ABOUT THIS EXERCISE:
Keep images out and repeat all data exactly.

INFORMATION PROVIDED:
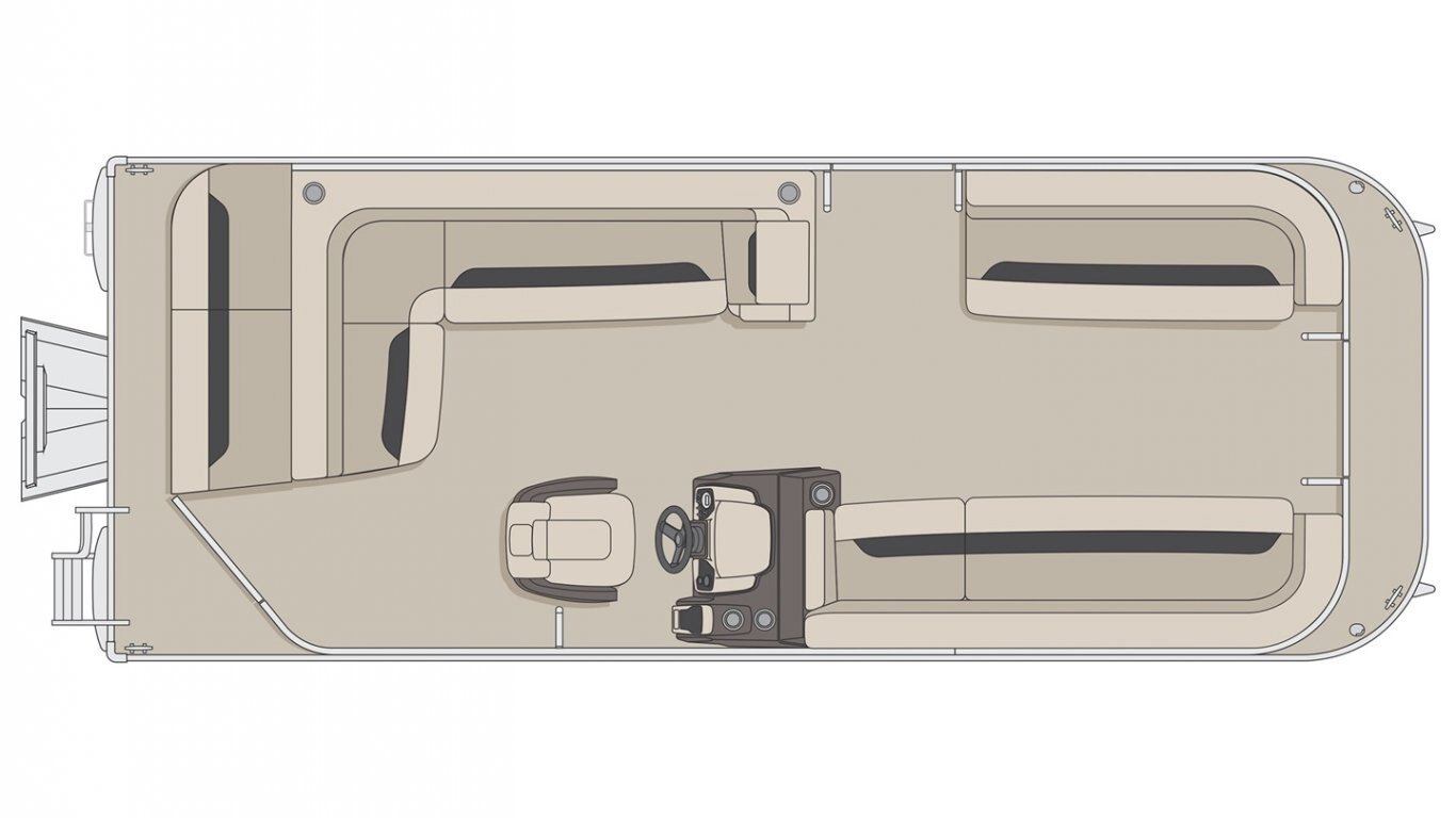 5052-H36 marine grade aluminum alloy NMMA & Transport Canada certified 2 ½" heavy-duty extruded Z-aluminum cross channels 1 1/4" anodized aluminum rails Sealed pontoon bulkheads with top mounted air plug (25") V-shaped aluminum engine pod Pressure-treated wood deck covered with marine grade carpet Extruded aluminum full-length pontoon keels Extruded aluminum full-length pontoon skirting Stern molded corners Rear padded sundeck Walk-thru rear gate with lift and lock hinges Walk-thru bow gate with lift and lock hinges Port side gate with lift and lock hinges (24'') Rear swim platform Stainless steel bow eye 4- 6" chromed deck cleats
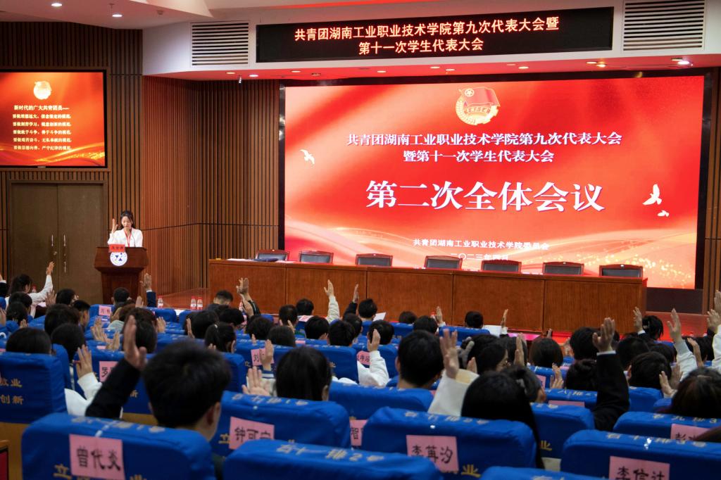 李陟威代表学校团委第八届委员会作题为《高举旗帜跟党走 踔厉奋发育新人 团结带领全校团员青年努力为全面推进“双高”建设和创建职业本科贡献青春力量》的工作报告,对过去三年共青团的工作进行了回顾和总结,提出了今后三年共青团工作的总体目标和任务。
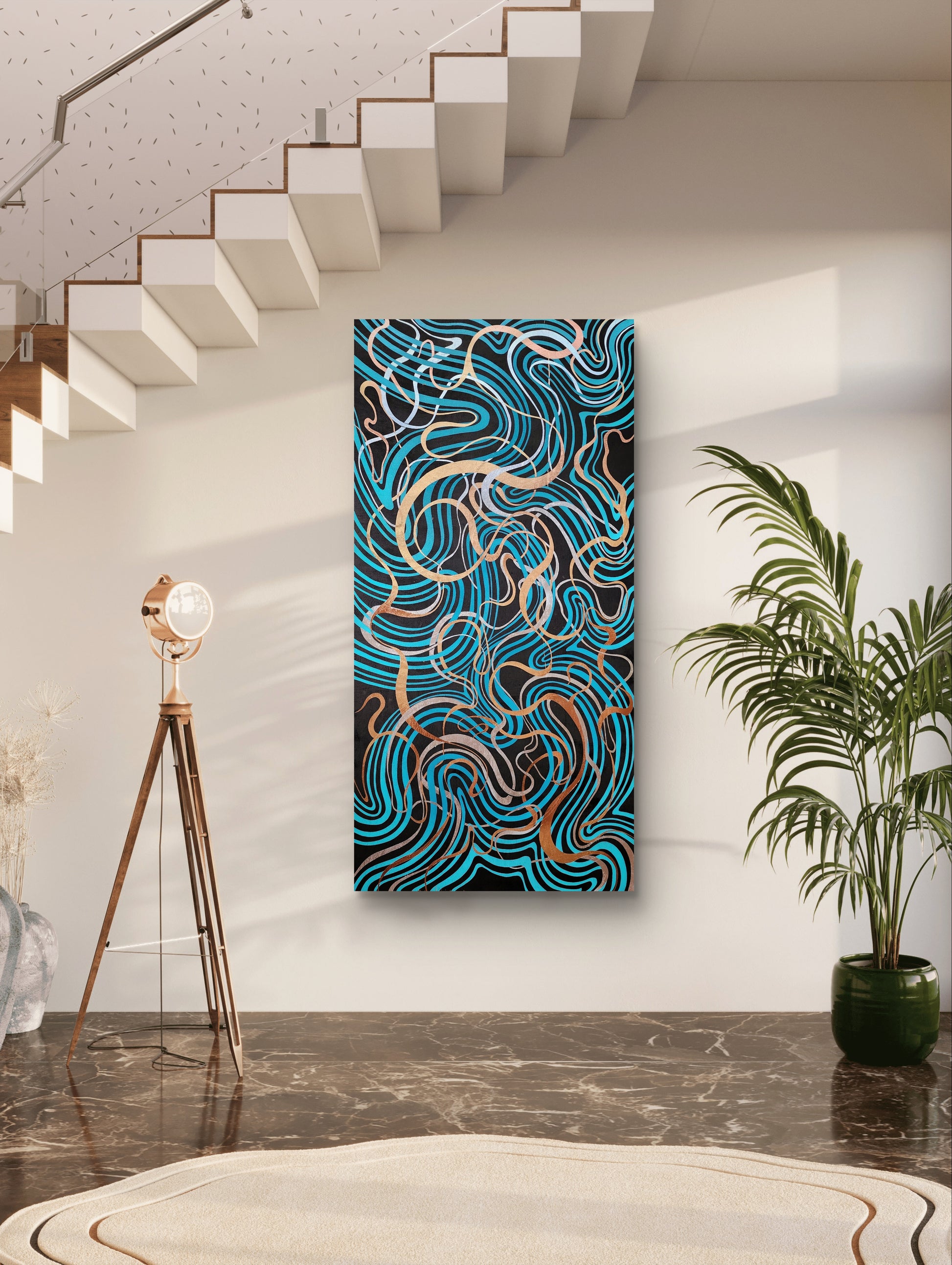 Wild Pulses is the third piece in a series that explores the tension between control and spontaneity. Created on wood using my multi-layer masking tape technique, this piece is built from three layers of hand-cut lines pulsing with rhythm, flow, and raw energy. Each layer reveals a new current, each cut a decision between freedom and form.
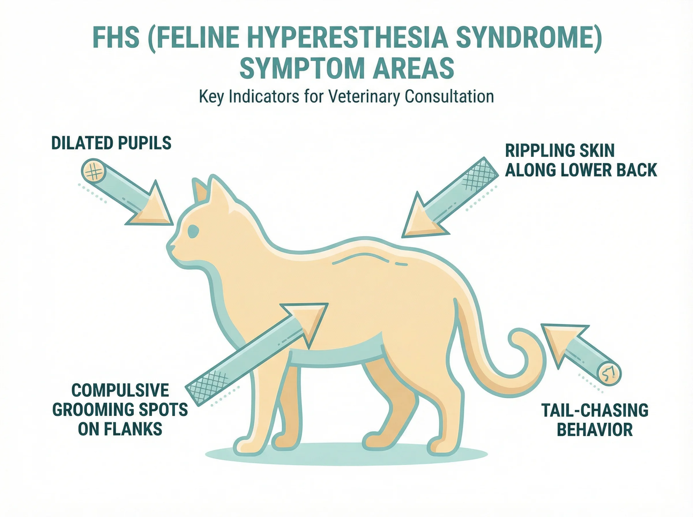 Because FHS heavily involves rippling skin and intense sensitivity, vets frequently start by investigating itch and skin discomfort.

RESPONSE TO THE TASK:
 5052-H36 marine grade aluminum alloy NMMA & Transport Canada certified 2 ½" heavy-duty extruded Z-aluminum cross channels 1 1/4" anodized aluminum rails Sealed pontoon bulkheads with top mounted air plug (25") V-shaped aluminum engine pod Pressure-treated wood deck covered with marine grade carpet Extruded aluminum full-length pontoon keels Extruded aluminum full-length pontoon skirting Stern molded corners Rear padded sundeck Walk-thru rear gate with lift and lock hinges Walk-thru bow gate with lift and lock hinges Port side gate with lift and lock hinges (24'') Rear swim platform Stainless steel bow eye 4- 6" chromed deck cleats
 李陟威代表学校团委第八届委员会作题为《高举旗帜跟党走 踔厉奋发育新人 团结带领全校团员青年努力为全面推进“双高”建设和创建职业本科贡献青春力量》的工作报告,对过去三年共青团的工作进行了回顾和总结,提出了今后三年共青团工作的总体目标和任务。
 Wild Pulses is the third piece in a series that explores the tension between control and spontaneity. Created on wood using my multi-layer masking tape technique, this piece is built from three layers of hand-cut lines pulsing with rhythm, flow, and raw energy. Each layer reveals a new current, each cut a decision between freedom and form.
 Because FHS heavily involves rippling skin and intense sensitivity, vets frequently start by investigating itch and skin discomfort.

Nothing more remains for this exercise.